Наклонившись, он сгрёб мою маленькую ручку в свою, а женщина взяла другую. Я шёл между ними, не чувствуя позыва убежать, да и куда бы я пошёл? Конечно, одна ночь в их лагере вскоре обернулась неделей, а та перешла в месяцы, за которые я узнал много нового. А ещё впервые за свою короткую жизнь я уже не проводил каждый час в страданиях от голода или в ожидании внезапного удара хлыста. Месяцы становились годами, и во мне росли мрачные мысли о бордельмейстере, но померкли, когда я поделился своими мстительными намерениями с Лорайн, а она вскользь сообщила мне весёлым тоном, что того человека нашли задушенным на самом пороге его борделя вскоре после моего отбытия. Разнообразные дорожки моей жизни так никогда и не привели меня больше к той группе лачуг, где я вырос, и даже сейчас у меня нет ни малейшего желания нанести туда визит, поскольку там не на что смотреть, и некого убивать.

— Тс-с!

Мои воспоминания прервала резкая боль от брошенной и отскочившей от моего носа ветки, и я сердито уставился на осуждающе-хмурого Конюха.

— Проснись, язычник, — приказал он тихим голосом, но со своей обычной грубоватой прямотой. — Если собрался прикрывать мне спину, так прикрывай, Бич тебя побери.

Я изо всех сил постарался сменить сердитый взгляд на приветливую улыбку, зная, что это раздует его гнев сильнее любого ответа. Конюх, пожалуй, был самым необычным разбойником за все времена Шейвинского леса — ведь другого настолько набожного и преданного приверженца Ковенанта Мучеников я ещё не встречал.
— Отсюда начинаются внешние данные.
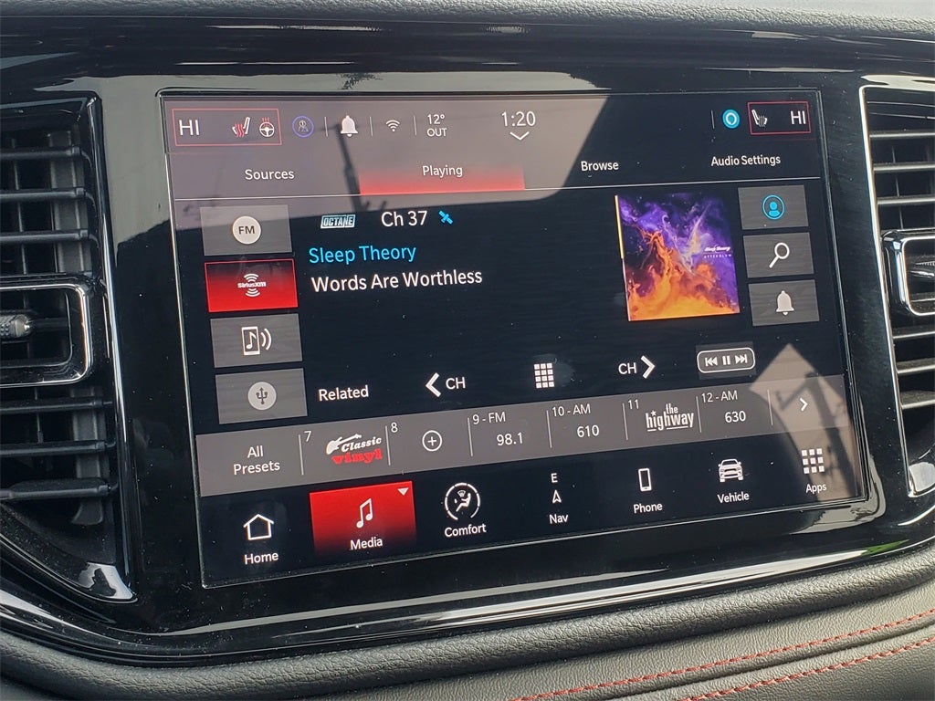 Dodge 2025 Durango R/T Plus 115V Auxiliary Power Outlet, 7 & 4 Pin Wiring Harness, 9 Speakers, Adaptive Cruise Control w/Stop, Apple CarPlay/Android Auto, Auto High Beam Headlamp Control, Auto-Dimming Exterior Driver Mirror, Auto-leveling suspension, Automatic temperature control, Black Roof Rails, Blind Spot w/Trailer Detection, Class IV Receiver Hitch, Dual Remote USB Port - Charge Only, Exterior Mirrors w/Heating Element, Exterior Mirrors w/Memory, Exterior Mirrors w/Supplemental Signals, Floor Console w/Leather Armrest, Front dual zone A/C, Full Speed Forward Collision Warning Plus, Fully automatic headlights, Garage door transmitter, Gloss Black Exterior Mirrors, Heated front seats, Heated Second Row Seats, Heated steering wheel, Illuminated entry, Integrated Roof Rail Crossbars, Leather Trimmed Bucket Seats, Leather Wrapped Door Panels, LED Auxiliary Low Beam & Turn Signal, Navigation System, Outside temperature display, ParkView Rear Back-Up Camera, Power 6x9 Multi-Function Foldaway Mirrors, Power 8-Way Driver Memory 8-Way Passenger Seats, Power driver seat, Power Driver/Passenger 4-Way Lumbar Adjust, Power Liftgate, Power Sunroof, Power Tilt & Telescopic Steering Column, Quick Order Package 22T R/T Plus, Radio: Uconnect 5 Nav w/10.1 Display, Radio/Driver Seat/Mirrors Memory, Rain sensing wipers, Rear Load Leveling Suspension, Red Accent Stitching, Remote keyless entry, Sport steering wheel, Telescoping steering wheel, Tilt steering wheel, Trailer Brake Control, Ventilated Front Seats, Wheels: 20 x 8.0 Fine Silver. CARFAX One-Owner. Clean CARFAX. 4D Sport Utility White Knuckle Clearcoat HEMI 5.7L V8 Multi Displacement VVT 8-Speed Automatic AWD

Его негодование компанией товарищей-злодеев горело негасимым жарким пламенем, но, кажется, ярче всего оно полыхало в отношении меня, возможно потому, что я никогда не уставал подливать масла в огонь.

Он глубоко вдохнул, чтобы успокоиться, и пробормотал строчку из писания, которая обычно слетала с его губ, когда я испытывал его терпение.

— Ибо такова судьба истинно верующих: страдать в компании грешников и профанов. Страдание есть очищение в глазах Серафилей. — С этими словами он отвернулся и продолжил своё осторожное продвижение через лес.

Через несколько миль мы присели на ствол упавшего ясеня, чтобы отдохнуть и съесть свои порции солёной свинины. Зима ещё не сжала свою хватку на деревьях, но воздух уже приобретал оттенки прохлады, которая скоро начнёт пробирать до костей. Для парня с моими наклонностями есть много преимуществ жизни в лесу, но погоды среди них нет. Зимы такие холодные, что могут убить, а летом нарождаются тучи комарья и сонмы разных жуков, которые могут свести с ума. Я всегда предпочитал более мягкие, но такие короткие передышки весны и осени.

— Ты слышал когда-нибудь о рыцаре по имени сэр Элберт Болдри? — спросил я Конюха, пока мы ели, тем же тихим шёпотом, каким мы разговаривали на ходу.

— Не изводи меня своим лепетом, язычник, — пробормотал в ответ Конюх. По причинам, которых я никогда не выяснил, Конюх величал титулом «язычник» одного меня. Все остальные для него были всего лишь грешниками.

— Я слышал, он королевский защитник, — беспечно продолжал я. — Подумал, вдруг ваши пути пересекались, когда ты служил солдатом.

Просчитанная колкость, поскольку я знал, что говорить на тему солдатских времён Конюху неприятно. На самом деле я знал об этом только по проповедям, которые он читал сам себе по причине отсутствия другой публики. Чуть ли не каждый вечер он с закрытыми глазами ходил вокруг своего костра, бесконечно цитируя обличительные речи из Свитков мучеников с редкими вкраплениями покаяний за многочисленные грехи, что украшали его жизнь — покаяний, которые не уберегли его от попадания в самую печально известную разбойничью банду Шейвинского леса.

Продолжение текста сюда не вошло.